__Task requirements__
Apart from the images, output the data below exactly.

(Extracted records)
============================================================
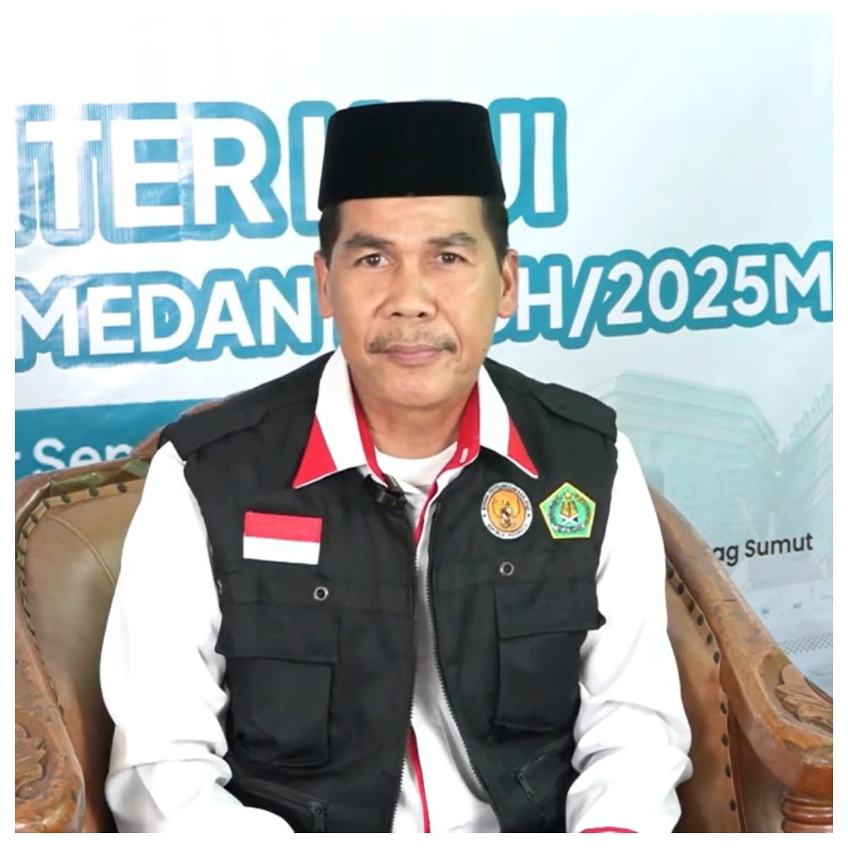 Bimbingan Ibadah dan Konsultasi PPIH Embarkasi Medan H. Kamaluddin Siregar, MA saat menjadi narasumber pada Podcast Media Center Haji (MCH) Embarkasi Medan, Senin (12/5/2025).
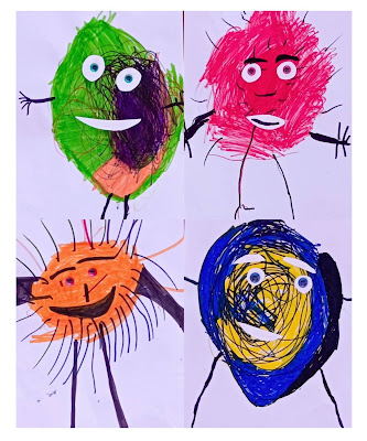 Έχοντας ως στόχο μας την ενθάρρυνση, την αποδοχή κάθε εικαστικού πονήματος των μαθητών/μαθητριών μας, και αξιοποιώντας μία ιδέα που βρήκαμε στην ομάδα «Παιδικός πλανήτης» του Facebook (ανάρτηση 23/09/2022 με πηγή το Pinterest), καθοδηγήσαμε τα παιδιά να δημιουργήσουν τα δικά τους «ανθρωπάκια», αξιοποιώντας τα «μουντζουρογραφήματά» τους είτε μεμονωμένα είτε συνεργαζόμενα με κάποιον/κάποια φίλο/φίλη τους.
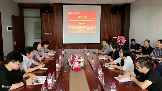 邱杰介绍了马院发展现状、办学特色、办学经验和办学成果,杨燕华和马院副院长周贇围绕我校课程思政建设创新与发展、四史融入思政课程建设、党建与思政工作、马克思主义理论学科一级硕士学科点建设等方面工作作了经验分享。
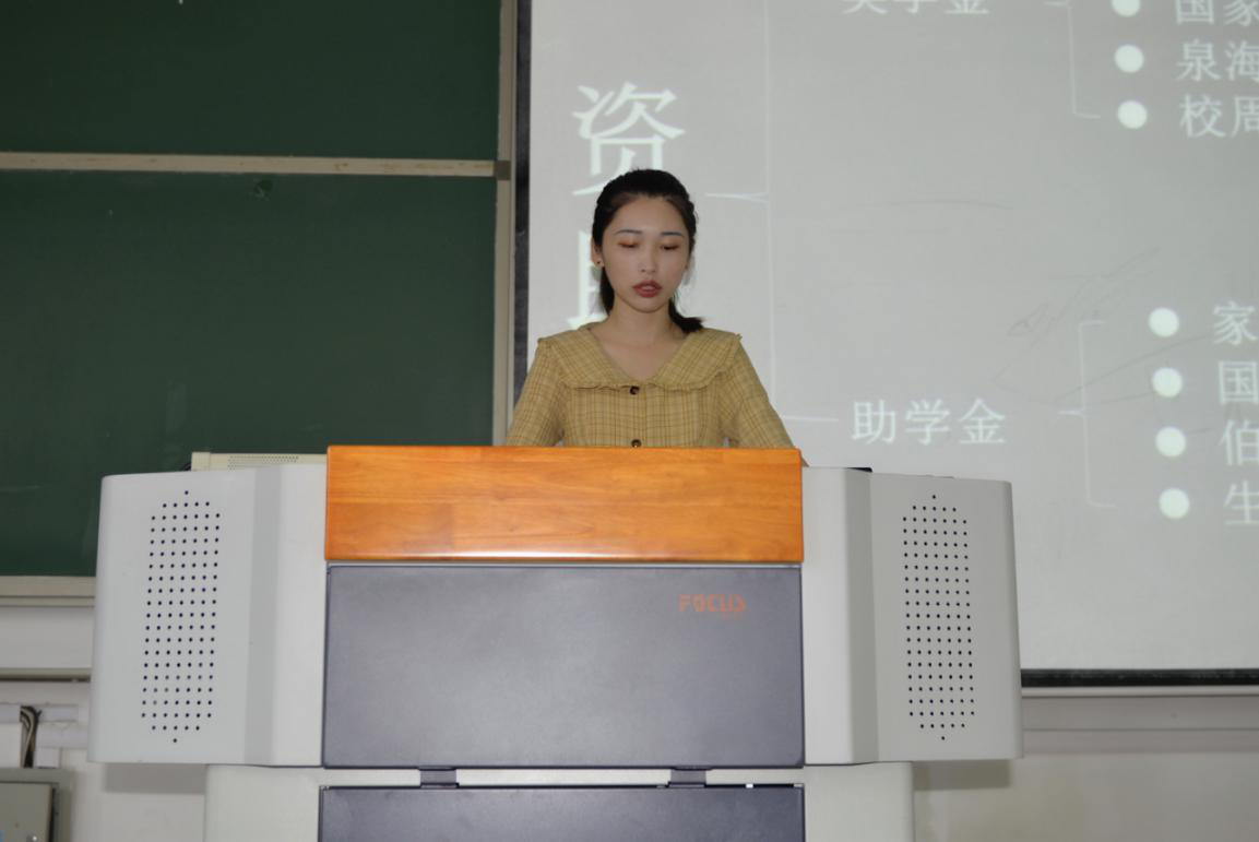 林麟老师从奖学金和助学金两方面对本次资助体系专题讲座展开讲解。林麟老师首先介绍到,公司设有校优秀员工奖学金,国家奖学金,国家励志奖学金,泉海奖学金,校周恩来奖学金等诸多奖学金奖项;同时设有国家助学金,伯藜助学金,以及社会资助等助学项目。
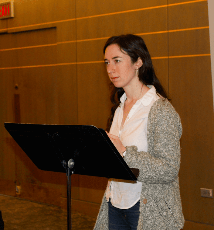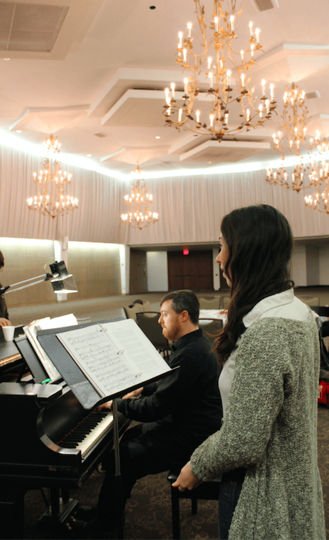 Sara Schabas at Beth Tzedec Congregation rehearsing for The Electric Bond Opera Ensemble’s, Another Sunrise and Farewell, Auschwitz. Photo: Sahar Khan
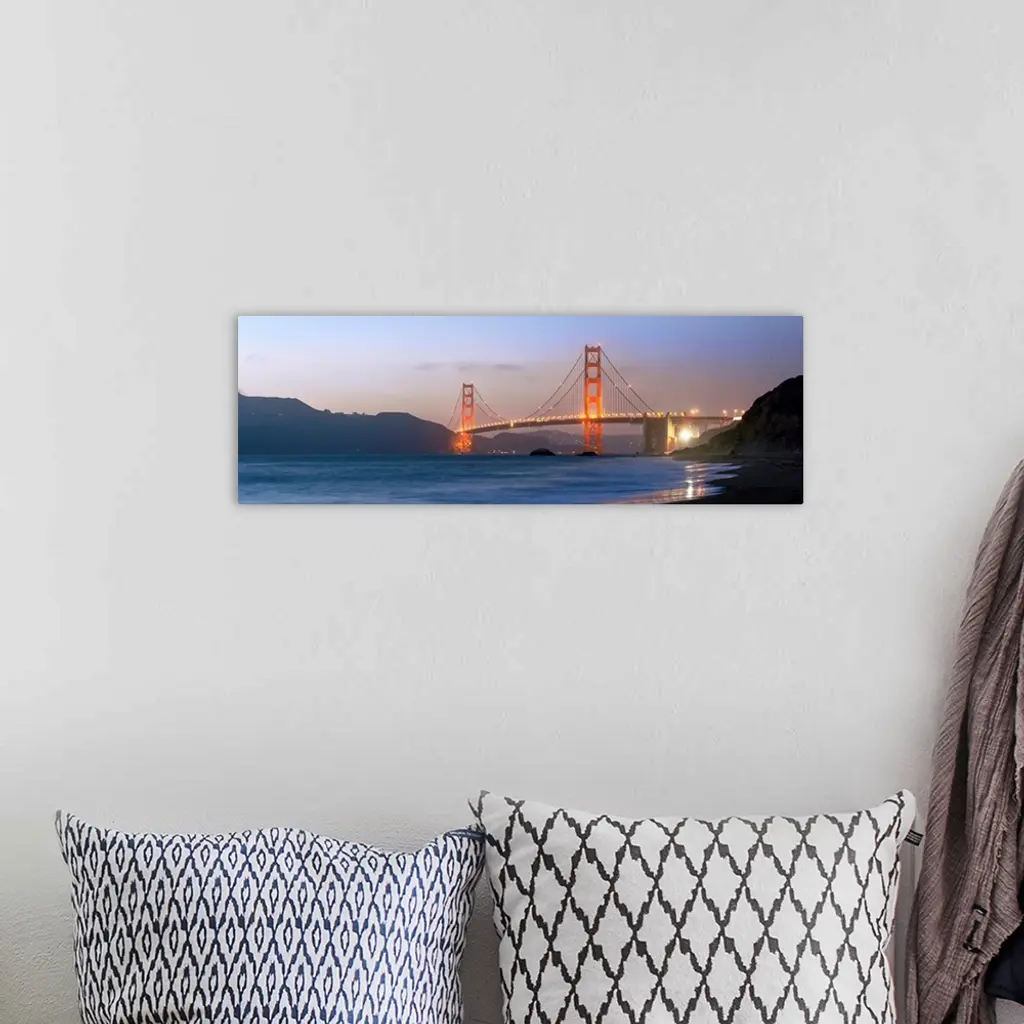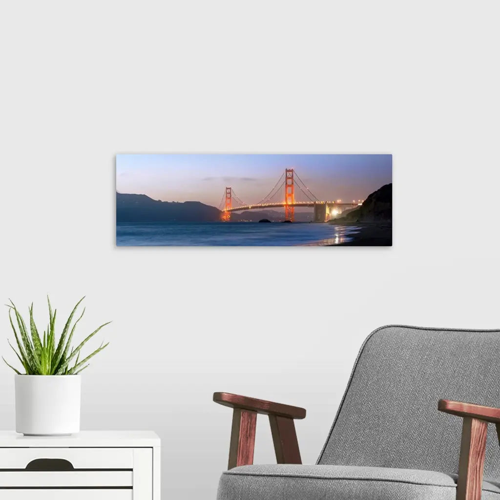 Panoramic photograph at twilight of the Golden Gate Bridge taken from the shore.
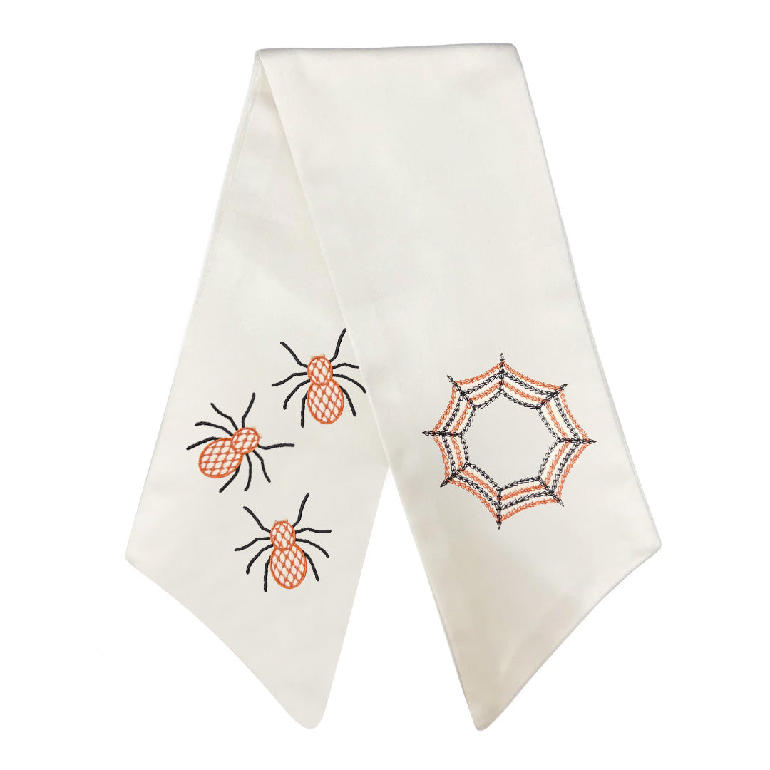 Happy Halloween! Put a spell on the entire neighborhood with our Spooky Sashes featuring embroidered ghost and spider designs on our signature ivory wreath sash.
============================================================
__Your response__
 Bimbingan Ibadah dan Konsultasi PPIH Embarkasi Medan H. Kamaluddin Siregar, MA saat menjadi narasumber pada Podcast Media Center Haji (MCH) Embarkasi Medan, Senin (12/5/2025).
 Έχοντας ως στόχο μας την ενθάρρυνση, την αποδοχή κάθε εικαστικού πονήματος των μαθητών/μαθητριών μας, και αξιοποιώντας μία ιδέα που βρήκαμε στην ομάδα «Παιδικός πλανήτης» του Facebook (ανάρτηση 23/09/2022 με πηγή το Pinterest), καθοδηγήσαμε τα παιδιά να δημιουργήσουν τα δικά τους «ανθρωπάκια», αξιοποιώντας τα «μουντζουρογραφήματά» τους είτε μεμονωμένα είτε συνεργαζόμενα με κάποιον/κάποια φίλο/φίλη τους.
 邱杰介绍了马院发展现状、办学特色、办学经验和办学成果,杨燕华和马院副院长周贇围绕我校课程思政建设创新与发展、四史融入思政课程建设、党建与思政工作、马克思主义理论学科一级硕士学科点建设等方面工作作了经验分享。
 林麟老师从奖学金和助学金两方面对本次资助体系专题讲座展开讲解。林麟老师首先介绍到,公司设有校优秀员工奖学金,国家奖学金,国家励志奖学金,泉海奖学金,校周恩来奖学金等诸多奖学金奖项;同时设有国家助学金,伯藜助学金,以及社会资助等助学项目。
 Sara Schabas at Beth Tzedec Congregation rehearsing for The Electric Bond Opera Ensemble’s, Another Sunrise and Farewell, Auschwitz. Photo: Sahar Khan
 Panoramic photograph at twilight of the Golden Gate Bridge taken from the shore.
 Happy Halloween! Put a spell on the entire neighborhood with our Spooky Sashes featuring embroidered ghost and spider designs on our signature ivory wreath sash.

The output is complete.